Is there a 'JSESSIONID' parameter in the current request?
- Yes: does it match a previously set Cookie named JSESSIONID?
    - Yes: request is valid, let it through
    - No: potential CSRF attack, show access denied view
- No: no JSESSIOND parameter - let the request through as normal.

3.  Add this to the jsecurity [urls] definition:
/** = antiCsrf

JSecurity doesn't have any AJAX support at all since that varies
dramatically across web environments, so I'm not sure it could do the
AJAX double submit technique.  I do know a JS guru that could help me
find a way if its possible...

Whaddya think?  Does this sound like a viable solution moving forward?
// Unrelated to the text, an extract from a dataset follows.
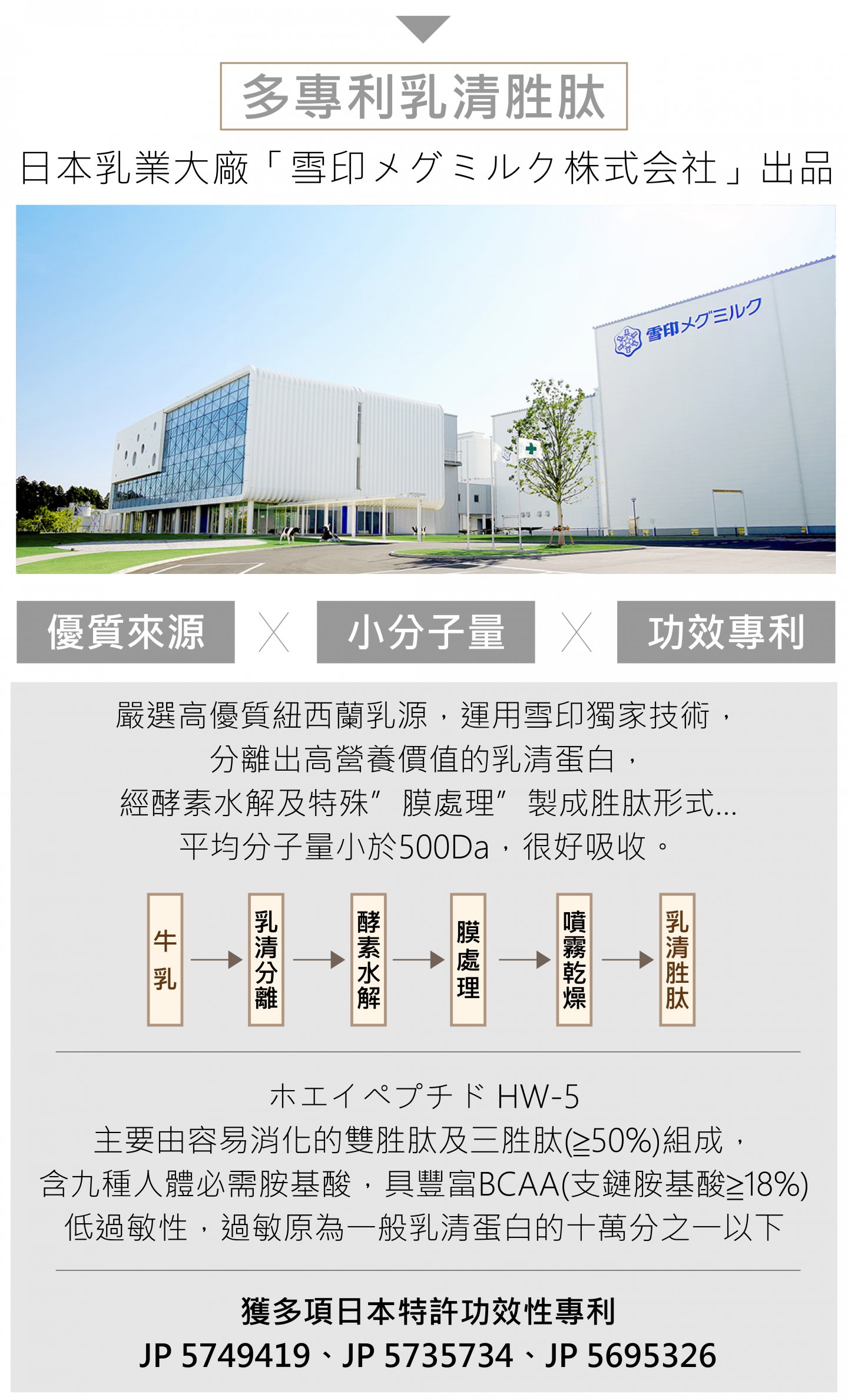 原料為日本乳業大廠「雪印メグミルク株式会社」榮譽出品;嚴選高優質紐西蘭乳源,運用雪印獨家酵素水解技術及特殊膜處理製成「胜肽」形式;平均分子量小於500Da、獲日本多項功效性專利( JP 5749419、JP 5735734、JP 5695326 )。

Actually, I wonder if this should logic should be included in the raw
functionality of JSecurity's sessionId acquisition logic when deployed
in web apps - not a user configurable Filter (in case they forget to
configure that filter in the [urls] definition.

P.S.  This needs to be archived, so I'm cc'ing the JSec Dev list...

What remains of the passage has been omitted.